SELECT dp.geom, ST_Value(dted0.rast, geom) AS val
   FROM ST_Dump(your_multi_point_here) AS dp 
     JOIN  dted0 ON ST_Intersects(dted0.rast,dp.geom) ;
2
  • This is much faster than your previous solution. With this solution I was able to do about 10,000 elevations per second running postGIS in a Docker container.
    – user985030
    Commented Dec 5, 2016 at 23:03
  • if you have 1000 points and all points intersect with one single raster, this query will return 1000 times the same raster and take the st_value out of it.....instead try to do a st_collect() points and do the intersection in having and this will return unique raster at a time Commented Jun 15, 2021 at 5:33
1

I'm thinking your best bet is using ST_Intersection. As Paul mentioned, you can wrap all your points in a multipoint if you are really looking at individual points. If its an area you are really looking for the dem for, this will work for that too.

http://postgis.net/docs/manual-2.3/RT_ST_Intersection.html

SELECT gv.geom, gv.val
   FROM dted0 , LATERAL ST_Intersection(rast, {})  AS gv
   WHERE ST_Intersects(rast, {});

Your {} can be a MULTIPOINT, LINESTRING, POLYGON, MULTI.. any valid 2D geometry.

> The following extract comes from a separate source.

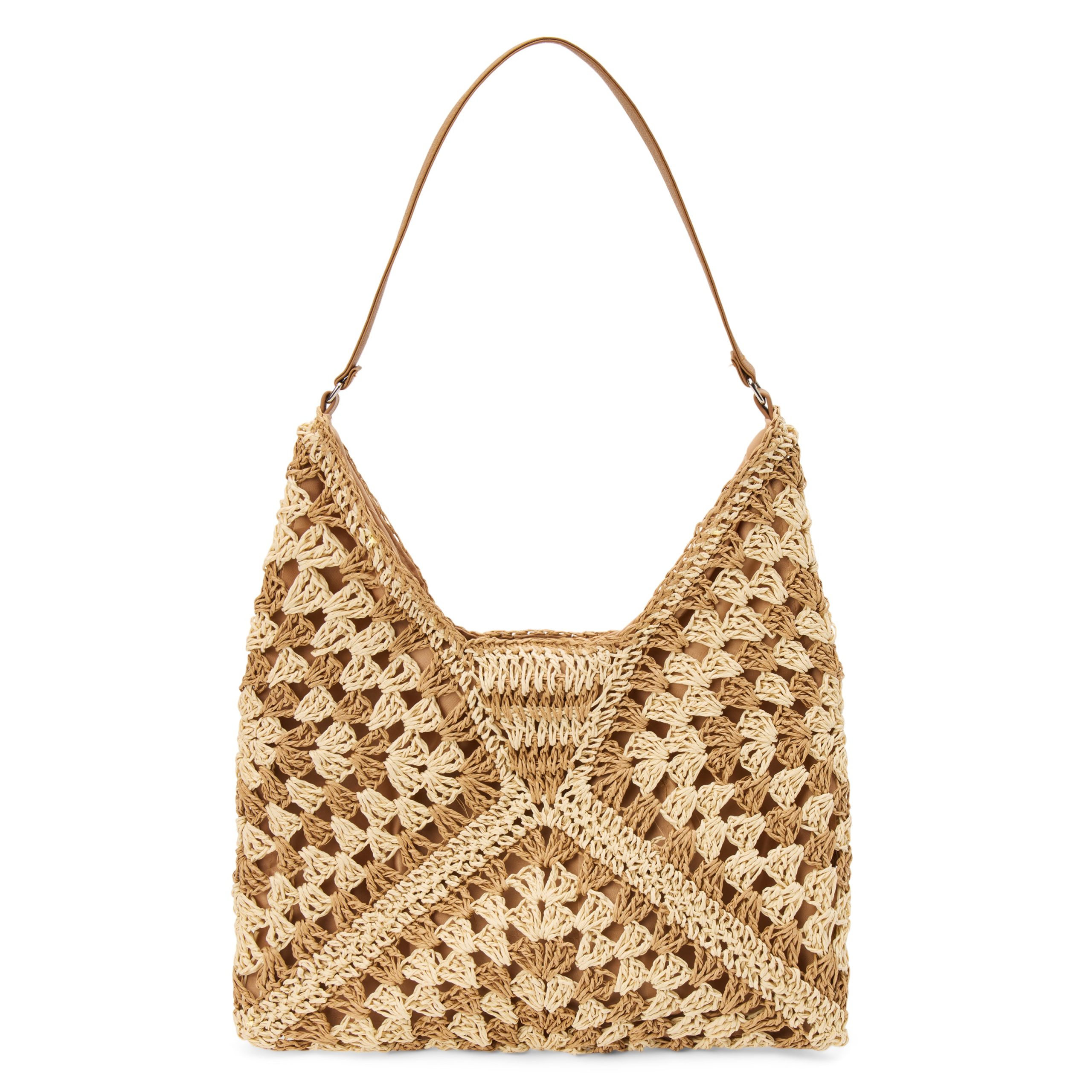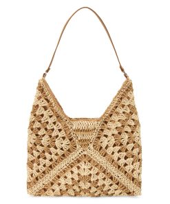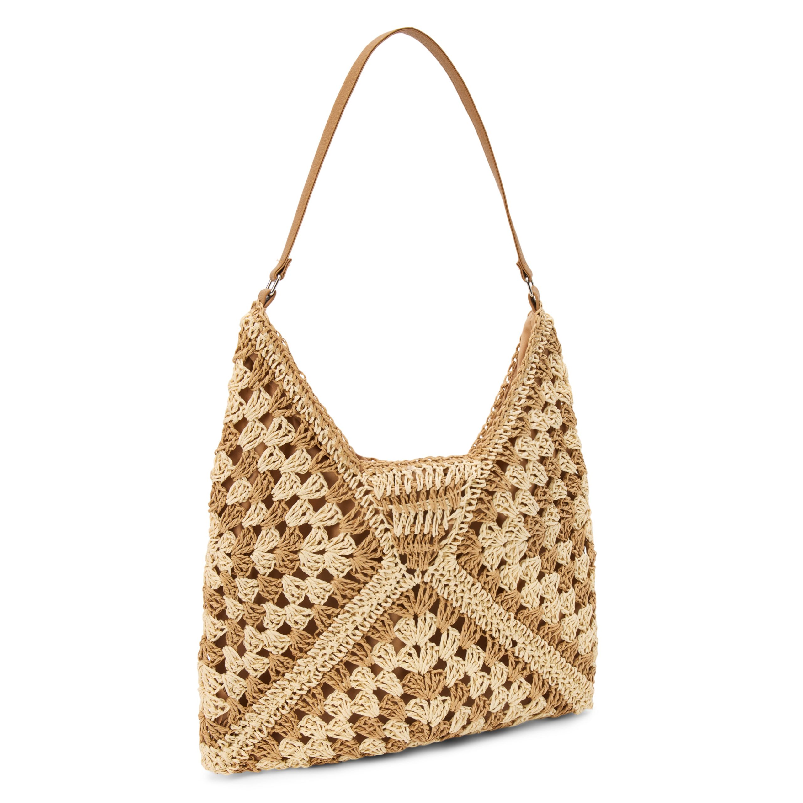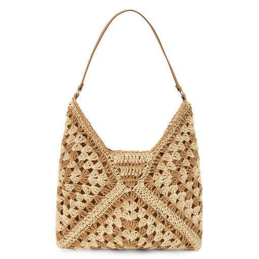 Vegan macramé hobo bag with a geometric granny square design, featuring a synthetic leather shoulder strap for a casual, yet chic look perfect for summer outings or beach days.

Note that if your geometry has lots of different values, the geometry will be split across pixel values. So if you pass in a MULTIPOINT, you might get back a set of POINTS and MULTIPOINTS.

If you really want them to be Points, then employ Paul's idea of ST_Dump Like so:

SELECT (ST_Dump(gv.geom)).geom, gv.val
   FROM dted0 , LATERAL ST_Intersection(rast, {})  AS gv
   WHERE ST_Intersects(rast, {});
6
  • ST_Intersection(raster, geometry) returns a raster. ST_Dump takes a geometry. I think you need ST_DumpValues() Commented Nov 22, 2016 at 15:25
  • 1
    No ST_Intersection(raster,geometry) returns a set of geomvals. I think you are thinking about ST_Intersection(raster,raster). A geomval is a composite object consisting of a geometry and a pixel value.
    – Regina Obe
    Commented Nov 22, 2016 at 18:27
  • I found this solution to be very slow. When I ran a quick comparison of methods, my original function could query a single point in about 20ms, your multipoint solution takes about 1s. I then attempted a single call with 5 lat,lon pairs and this took about 3s. It seems that this solution is much slower than just querying everyone point individually.
    – user985030
    Commented Dec 3, 2016 at 22:25
  • Can you provide the query plan of this. Puzzled why that is much slower. Might be index is not being used for some reason. Can you also try flipping the order of args to ST_Intersection(geom, rast). As I recall I think one does the operation in raster space and one in geometry or used to. So that might be causing some difference depending on size of rasters.
    – Regina Obe
    Commented Dec 5, 2016 at 17:02
  • Not sure by what you mean, "query plan"?
    – user985030
    Commented Dec 5, 2016 at 23:04
0

I think there will be another way to query multiple points on raster datasets.

WITH pairs(x,y) AS (
VALUES
(70.5084, 45.1985),
(70.5094, 45.1995),
(70.5084, 45.1975),
(70.5074, 45.1965),
(70.5064, 45.1955),
(70.5054, 45.1945)
) 
 SELECT 
    ST_Value(rast, ST_SetSRID(ST_MakePoint(x, y), 4326)) AS height
 FROM dem_raster rs
    CROSS JOIN pairs
    WHERE ST_Intersects(rs.rast,  ST_SetSRID(ST_MakePoint(x, y), 4326));

My DEM data will respond this query within < 50 ms.